As a member of Congress, Duckworth has accomplished multiple firsts. In addition to being the first Thai American member of Congress (and the first to be born in Thailand), she was also the first female amputee to serve in the governmental body. Additionally, in April 2018, at the age of 50, Duckworth became the first sitting senator to give birth.
Tucker Carlson versus Tammy Duckworth
Despite a career of milestones and civic service, Duckworth has earned the ire of conservatives for her liberal politics and her opposition to Trump.
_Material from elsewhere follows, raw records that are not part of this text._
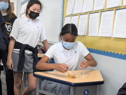 Those activities include events with catchy titles like Soapy Marbles, Pass the Orange and Ping Pong Bounce. Once a week during morning community time and afternoon flex each homeroom tackles a challenge with the hopes of making it to the grade level finals. The classrooms are abuzz with the sounds of students attempting to pick up soap-covered marbles with chopsticks or trying to identify their favorite Middle School teachers based solely on childhood photos. “It’s been great to see Middle School students running around, competing, and encouraging each other in the spirit of their COVID Olympics team,” says Engstrom.
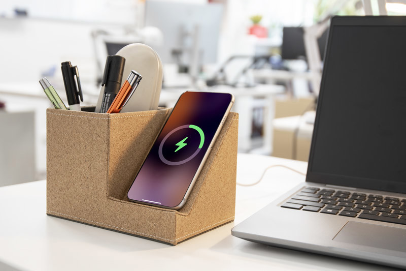 COVBI is a functional desk organiser made of natural cork. The gadget combines a toolbox for writing accessories with a 15W wireless charger, ideal for fast phone charging. In addition, a USB-C cable is included for a quick and secure power connection. COVBI will bring order and modern technology to your workspace.
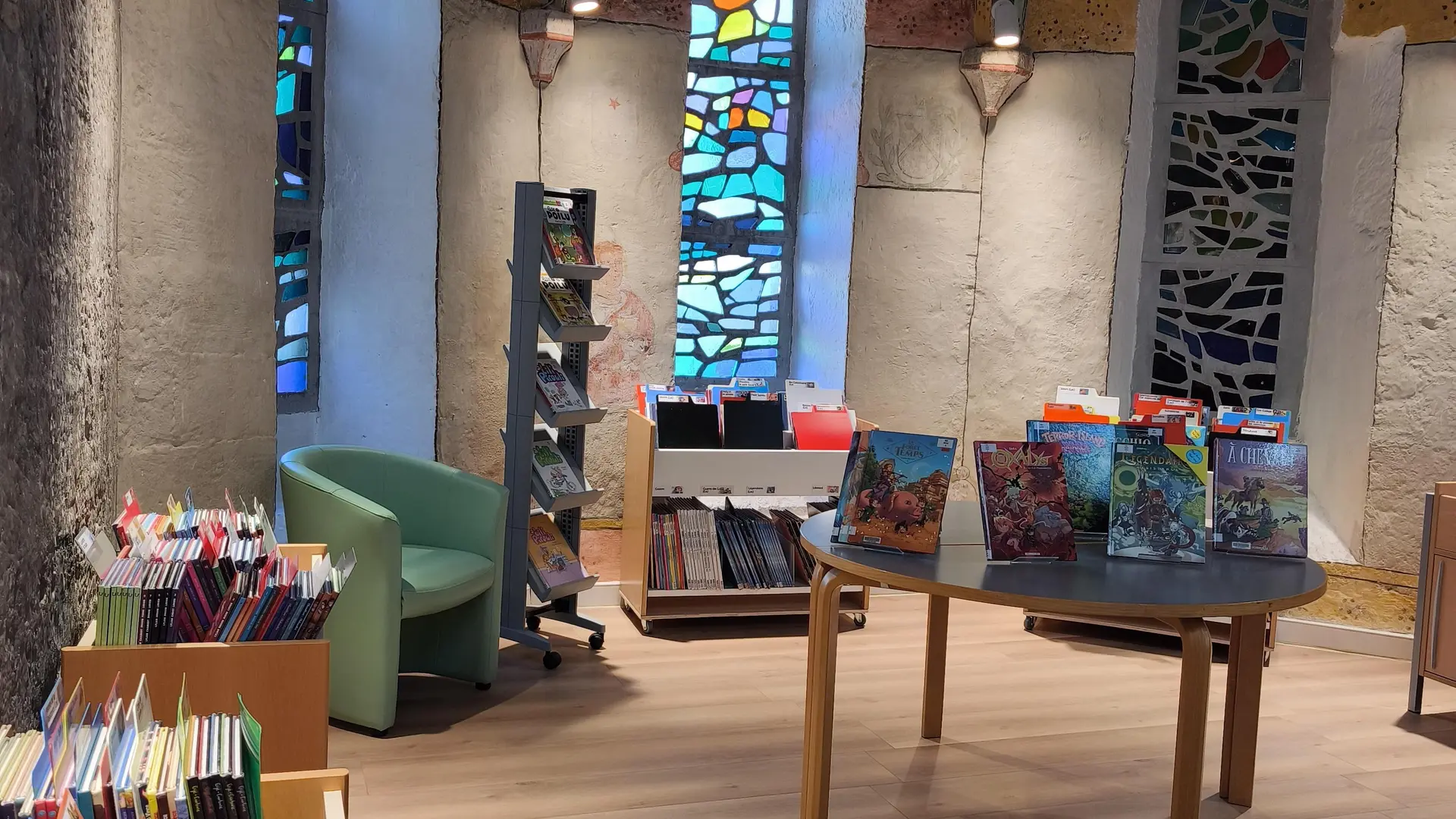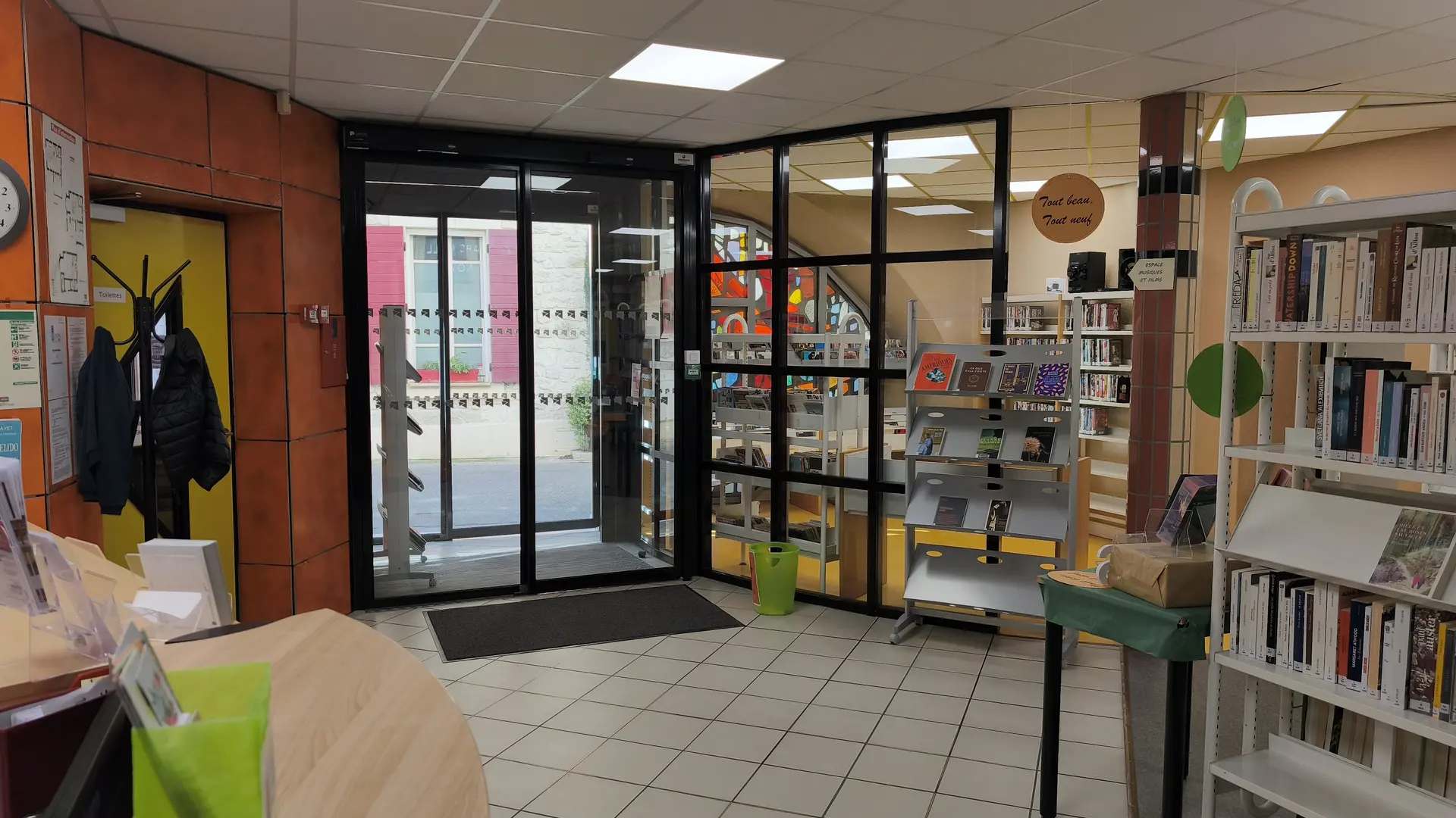 Pour une inscription de 5€ et un chèque de caution, vous pourrez trouver un grand nombre de documents pour vous distraire et vous évader, emprunter des DVD pour occuper les enfants ainsi que des livres à leur lire. Possibilité également de se connecter sur Internet.
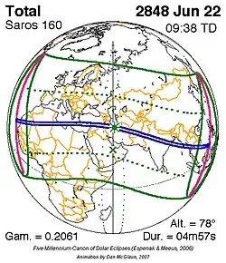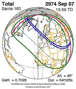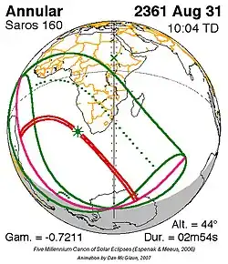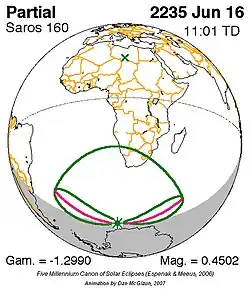 Saros 160 zonsverduisteringserie als bewegend beeld
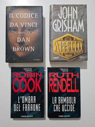 4 romanzi thriller tra i PIÙ VENDUTI e amati dal grande pubblico. Libri come nuovi: - "Il codice da Vinci" - "L'appello" - "L'ombra del Faraone" - "La bambola che uccide". Vendita da privato, no garanzia. legal thriller gialli
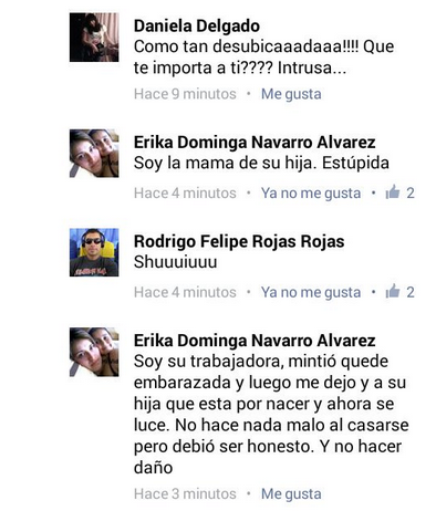 “Que hermosa pareja, los felicito. Sólo espero que no te olvides que en un mes nace tu hija. ¡Ojalá le seas tan fiel a tu hija como se supone le serás a tu nueva esposa!”, escribió Erika Navarro en la publicación.
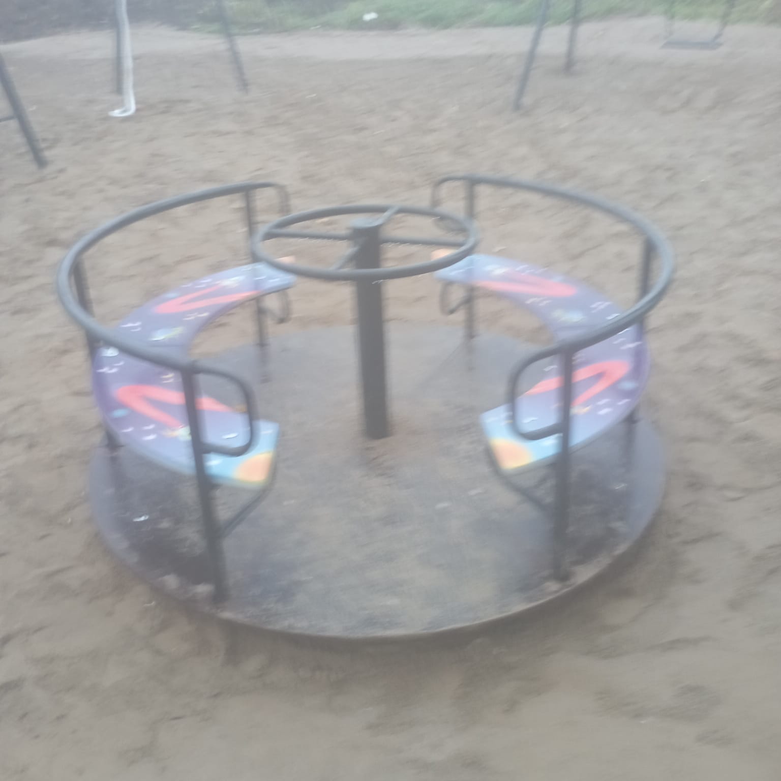 Эта карусель предназначена для детей от 3-х лет. Это металлическая конструкция с фанерным дном и деревянными сидениями. Сидения имеют металлические спинки и поручни. Пол покрыт влагостойкой фанерой толщиной 24 мм. Во избежание травматизма, фанера обладает анти скользящими свойствами. Металлический каркас конструкции установлен на валу с подшипниками и окрашен порошковыми красками. Карусель – это прекрасное устройство для активных детских групповых игр. Полностью безопасное и экологичное, соответствующее требованиям ГОСТ.

In 2018, she made headlines for “blasting” Trump as a “draft dodger” (Trump avoided Vietnam service through multiple medical deferments for alleged bone spurs).
Fox News host and vocal Trump supporter Tucker Carlson recently attacked Duckworth on his show. Carlson was angered by Duckworth’s response to a question about removing statues of historical figures who had owned slaves, including the first US president, George Washington.
“I think we should listen to everybody,” Duckworth had said. “I think we should listen to the argument there.”
Carlson unloaded on the senator during two successive episodes of Tucker Carlson Tonight on July 6 and 7, calling Duckworth a “callous hack,” a “coward,” a “moron,” and a “fraud.” Carlson added that Duckworth was a “deeply silly and unimpressive person” and openly questioned her patriotism, saying she “hates America.”
Following the Monday night episode, Duckworth responded on Twitter, writing “Does @TuckerCarlson want to walk a mile in my legs and then tell me whether or not I love America?”
In addition to Carlson’s attacks on the veteran’s patriotism, the Fox News host (who has not served in the military) was accused of trading in racial “nativism” for a caption that appeared on his Tuesday night show that read, “We have to fight to preserve our nation & heritage.” Atop the caption was an image of Duckworth and Somali-born House Rep. Ilhan Omar, another woman of color.
The attention brought by Carlson’s attacks have led some to suggest Duckworth may now be a front-runner to be Biden’s VP choice. Biden has vowed to pick a woman to be his running mate and many hope he will pick a woman of color.